Assigned task: Extract, in full, the lines below, beginning at the first and ending with the line that contains "อุทาหรณ์ หญิงแย้ ฉีดสเปรย์กันแดดใส่หน้าโดยตรง". Pictures do not belong in the copy.

Supplied data:
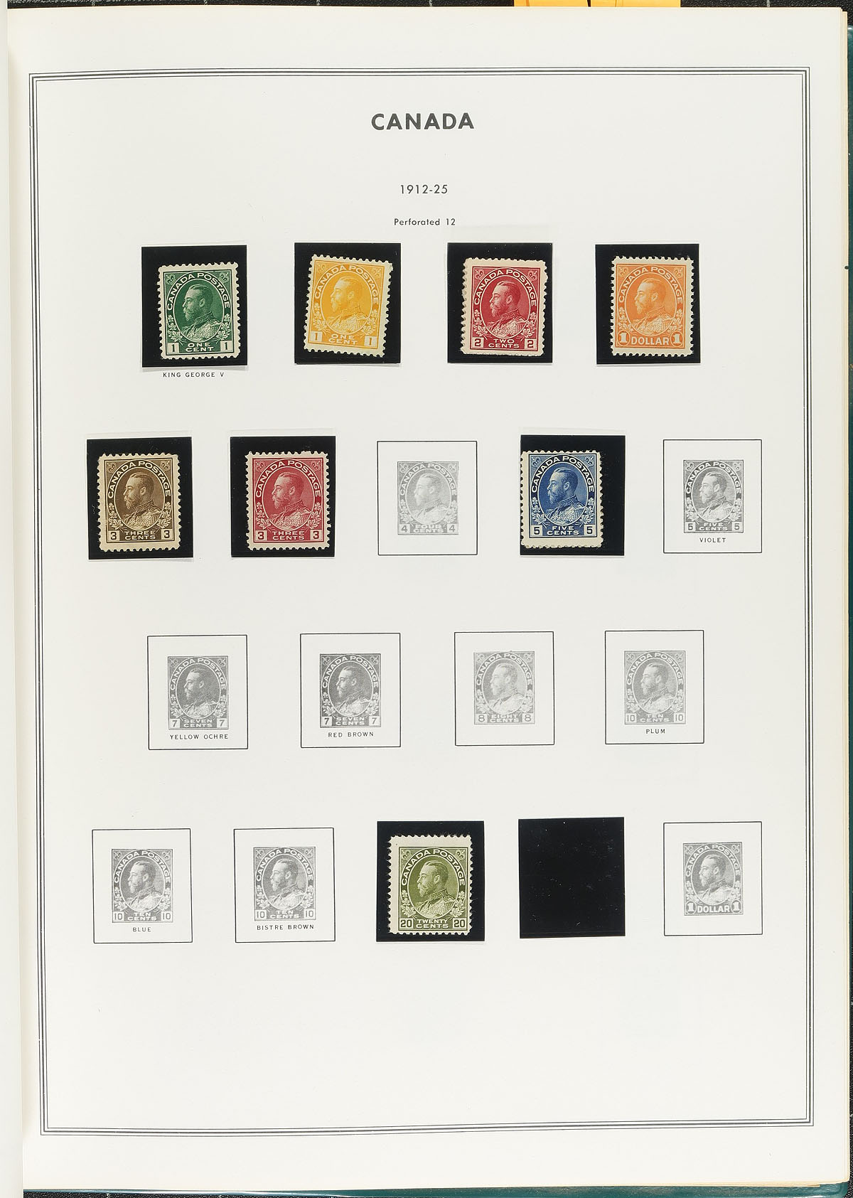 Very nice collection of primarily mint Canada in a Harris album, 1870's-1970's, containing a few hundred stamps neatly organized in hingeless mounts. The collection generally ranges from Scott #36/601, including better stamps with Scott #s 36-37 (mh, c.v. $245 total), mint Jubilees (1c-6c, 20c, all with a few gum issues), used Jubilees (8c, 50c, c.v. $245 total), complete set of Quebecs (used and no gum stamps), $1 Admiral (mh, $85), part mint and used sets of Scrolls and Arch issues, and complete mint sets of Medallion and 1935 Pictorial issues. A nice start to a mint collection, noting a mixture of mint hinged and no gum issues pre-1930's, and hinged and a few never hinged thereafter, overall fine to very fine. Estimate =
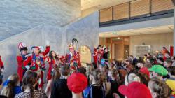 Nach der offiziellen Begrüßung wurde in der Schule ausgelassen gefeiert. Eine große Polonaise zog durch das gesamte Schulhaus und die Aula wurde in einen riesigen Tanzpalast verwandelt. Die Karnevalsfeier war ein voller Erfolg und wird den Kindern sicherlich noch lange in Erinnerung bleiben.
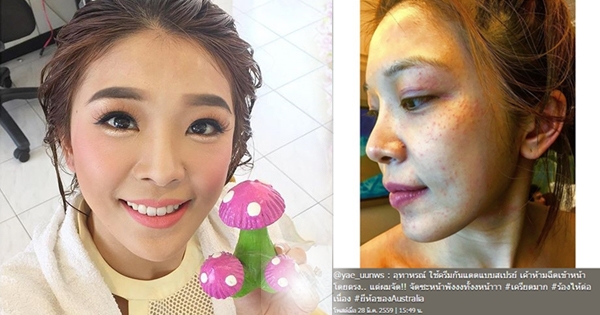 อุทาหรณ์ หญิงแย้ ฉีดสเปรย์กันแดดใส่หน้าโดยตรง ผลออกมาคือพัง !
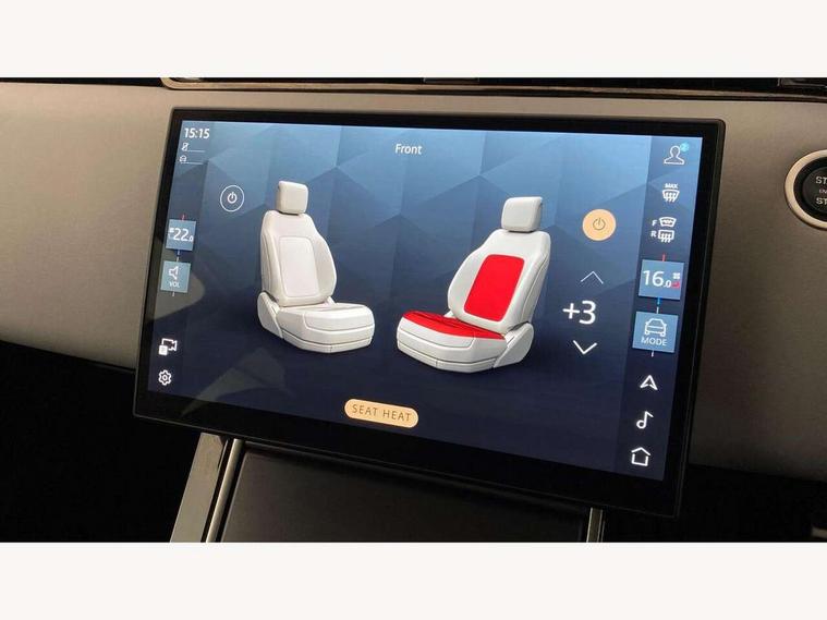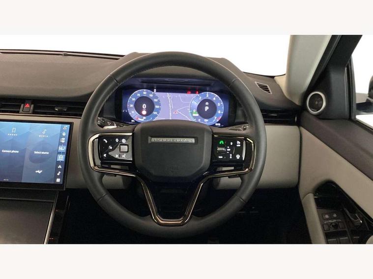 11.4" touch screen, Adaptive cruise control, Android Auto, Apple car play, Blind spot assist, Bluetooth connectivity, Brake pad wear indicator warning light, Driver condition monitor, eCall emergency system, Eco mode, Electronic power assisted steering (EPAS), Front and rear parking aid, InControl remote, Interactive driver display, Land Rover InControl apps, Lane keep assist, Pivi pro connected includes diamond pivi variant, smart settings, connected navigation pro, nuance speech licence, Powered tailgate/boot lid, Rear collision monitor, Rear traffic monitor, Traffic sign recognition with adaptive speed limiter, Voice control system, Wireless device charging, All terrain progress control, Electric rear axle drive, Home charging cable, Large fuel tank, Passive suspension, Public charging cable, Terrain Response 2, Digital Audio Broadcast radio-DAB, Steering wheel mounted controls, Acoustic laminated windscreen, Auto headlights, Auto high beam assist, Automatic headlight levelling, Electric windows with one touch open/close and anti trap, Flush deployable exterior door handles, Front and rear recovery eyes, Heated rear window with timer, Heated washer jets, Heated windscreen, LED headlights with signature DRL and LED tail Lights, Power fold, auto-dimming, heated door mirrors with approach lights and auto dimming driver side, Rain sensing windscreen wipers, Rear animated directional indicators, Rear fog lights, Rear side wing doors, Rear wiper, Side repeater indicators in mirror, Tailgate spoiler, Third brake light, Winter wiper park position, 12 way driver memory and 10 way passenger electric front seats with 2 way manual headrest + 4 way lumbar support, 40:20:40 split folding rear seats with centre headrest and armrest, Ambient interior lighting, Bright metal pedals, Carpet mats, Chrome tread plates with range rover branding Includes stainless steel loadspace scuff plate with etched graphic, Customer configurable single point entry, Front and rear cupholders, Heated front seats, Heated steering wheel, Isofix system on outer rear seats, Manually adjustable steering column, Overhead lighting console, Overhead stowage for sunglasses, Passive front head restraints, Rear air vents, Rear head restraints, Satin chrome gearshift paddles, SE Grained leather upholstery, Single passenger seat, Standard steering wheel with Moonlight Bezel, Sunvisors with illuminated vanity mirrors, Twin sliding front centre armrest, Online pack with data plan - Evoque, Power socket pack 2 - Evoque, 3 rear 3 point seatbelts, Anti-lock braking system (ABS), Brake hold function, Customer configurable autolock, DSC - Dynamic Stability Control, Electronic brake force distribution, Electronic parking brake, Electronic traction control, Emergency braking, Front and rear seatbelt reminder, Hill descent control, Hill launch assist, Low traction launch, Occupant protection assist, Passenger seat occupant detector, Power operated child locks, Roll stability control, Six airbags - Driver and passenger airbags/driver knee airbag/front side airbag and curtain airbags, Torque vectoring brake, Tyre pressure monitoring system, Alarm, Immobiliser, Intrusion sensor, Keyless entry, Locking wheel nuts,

Solution for this exercise:
 Very nice collection of primarily mint Canada in a Harris album, 1870's-1970's, containing a few hundred stamps neatly organized in hingeless mounts. The collection generally ranges from Scott #36/601, including better stamps with Scott #s 36-37 (mh, c.v. $245 total), mint Jubilees (1c-6c, 20c, all with a few gum issues), used Jubilees (8c, 50c, c.v. $245 total), complete set of Quebecs (used and no gum stamps), $1 Admiral (mh, $85), part mint and used sets of Scrolls and Arch issues, and complete mint sets of Medallion and 1935 Pictorial issues. A nice start to a mint collection, noting a mixture of mint hinged and no gum issues pre-1930's, and hinged and a few never hinged thereafter, overall fine to very fine. Estimate =
 Nach der offiziellen Begrüßung wurde in der Schule ausgelassen gefeiert. Eine große Polonaise zog durch das gesamte Schulhaus und die Aula wurde in einen riesigen Tanzpalast verwandelt. Die Karnevalsfeier war ein voller Erfolg und wird den Kindern sicherlich noch lange in Erinnerung bleiben.
 อุทาหรณ์ หญิงแย้ ฉีดสเปรย์กันแดดใส่หน้าโดยตรง ผลออกมาคือพัง !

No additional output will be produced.